It's time once again for Crazy Hip Blog Mamas Recipe Rally, this week's theme is Local Taste.
This is one of my all time favourites, a recipe that never fails and is just so incredibly simple and good. It reminds of home, although my family is not Hungarian my Grandmother was born in Slovenia a region of the former Yugoslavia. Many countries in Eastern Europe have similar dishes, my Mother makes an Austrian version without the paprika and with caraway seeds but the Hungarian version is by far my favourite. This dish stands on it's own but if you wish you could add potatoes and carrots halfway through the cooking process. I love the peasant style cooking of this region and some of my other favourites are Cabbage Rolls, Perogies, Crepes and Plum Dumplings. I recently found a recipe for Croatian Cabbage Rolls that are cooked on the stove rather than in the oven that I can't wait to try, much like the Plum Dumplings these cabbage rolls are a labour intensive project that take a lot more time than this wonderful stew. I really hope you give this dish a try, don't let the paprika scare you the sour cream mellows this dish out and I bet you won't be able to resist seconds. Enjoy!
Hungarian-Style Goulash
3 tablespoons butter
6 medium onions, thinly sliced (about 2 pounds)

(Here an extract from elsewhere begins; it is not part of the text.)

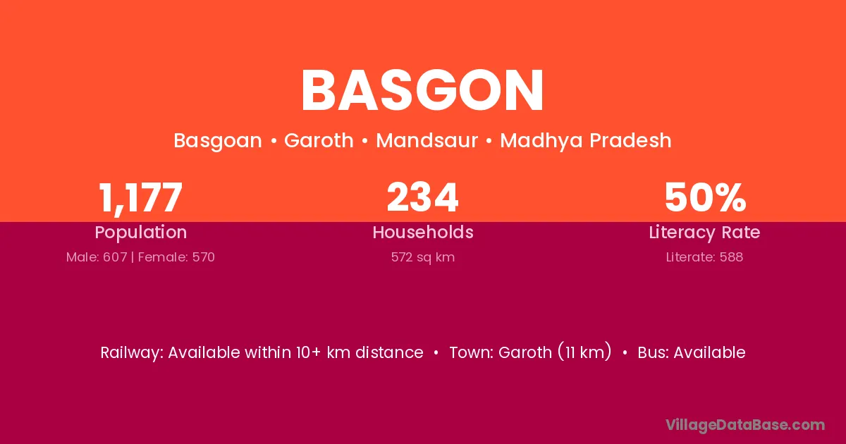 Garoth (11 km) is the nearest town to Basgon village for major economic activities and is located approximately 11 km away.
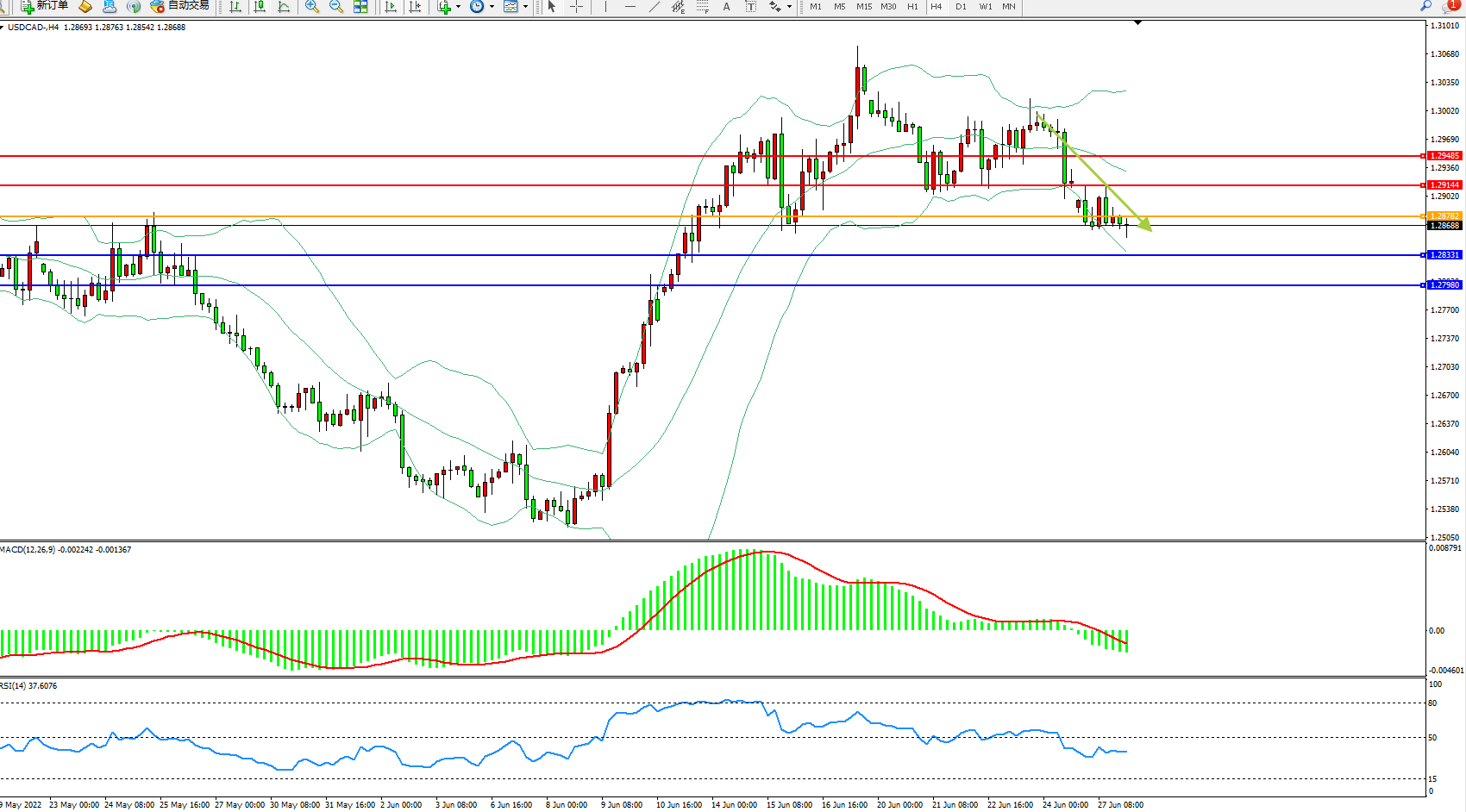 美元加元USDCAD——4小时K线图显示:

2 pounds beef stew meat, cut into 1-inch chunks
1/4 cup paprika yes, this much! Use a good quality Hungarian paprika if you can find it, sweet paprika not hot
2 teaspoons sea salt
1 bay leaf
1 cup sour cream (use full fat, the low calorie stuff is just not the same)
Freshly grated Parmigiana cheese
About 3-1/2 hours before serving:
In Dutch over medium-high heat, in hot butter, cook onions, stirring occasionally, until lightly browned, about 15 minutes.
Add stew meat, paprika, salt and bay leaf. Reduce heat to low; cover and simmer 3 hours or until meat is fork tender, stirring occasionally. If meat sticks to the pan, add a tablespoon or two of water.
Discard bay leaf. Stir in sour cream. Sprinkle with freshly grated Parmigiana cheese. Serve with wonderful freshly baked crusty bread from your local bakery.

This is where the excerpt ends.